The bottleneck shift is a career signal. If the constraint in software development is moving from writing code to verifying code, the skills that gain value are the ones on the verification side: code review, debugging, security analysis, architectural assessment, and the judgment to know when AI-generated output is subtly wrong. The skills that lose value are the ones AI handles well: boilerplate generation, syntax-level implementation, mechanical translation of specifications into code. This is the same dividing line — knowing why the system behaves a certain way versus knowing how to make it behave — that “Sixteen Funerals” traced across 150 years of historical precedent, operating in the present tense.

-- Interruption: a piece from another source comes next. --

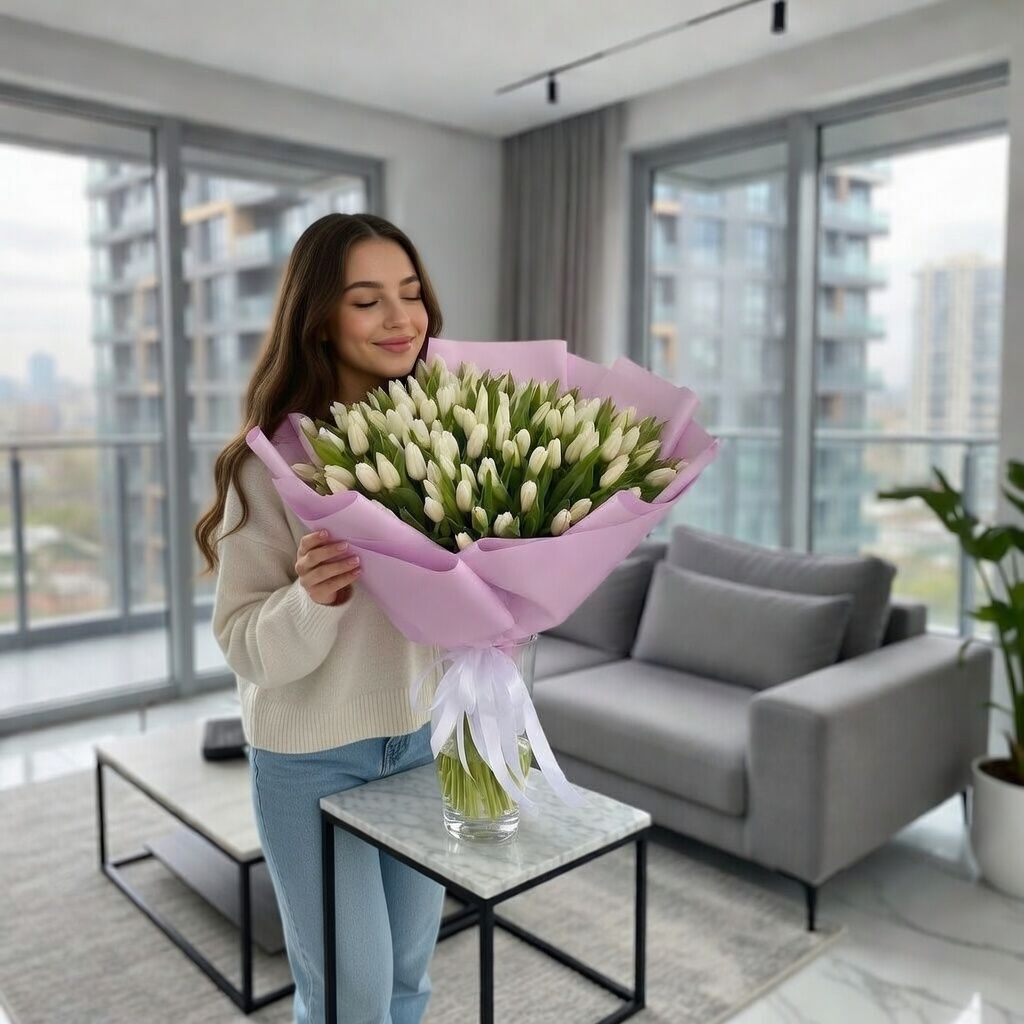 В Абидосе Белые тюльпаны (151 шт) часто выбирают для поздравлений, романтических моментов и праздников. Такой букет часто выбирают для сюрприза.

The quality debt is accumulating. If AI-generated code consistently carries more defects per pull request, if refactoring has dropped below 10% of changed lines, if code duplication has quadrupled — and if nearly half the code your team produces is AI-generated — then a maintenance reckoning is coming. It may surface as escalating bug rates, security incidents, or architectural brittleness. Developers who can diagnose and remediate that debt will be in demand. The debt itself is an argument for experienced developers, not against them.

The vendor marketing is running ahead of the evidence. When a CEO announces “30% productivity gains” to justify a hiring freeze, ask what the measurement methodology was. When a tool vendor cites a 55% speed improvement, ask on what task, for how long, and at what organizational scale. The evidence does not support the productivity claims being used to make hiring decisions across the industry. It may support them eventually. It does not support them now. The gap between what is claimed and what is measured is wide enough to build bad strategy on — and many companies are doing exactly that.

The mirage is not that AI tools are useless. They demonstrably are not. The mirage is that their effect on individual tasks — real, visible, felt — translates proportionally to organizational outcomes. The best evidence says it does not. That gap between task-level perception and system-level reality is where careers get miscalculated, hiring decisions get distorted, and technical debt accumulates unseen.

The stopwatch does not care what you believe.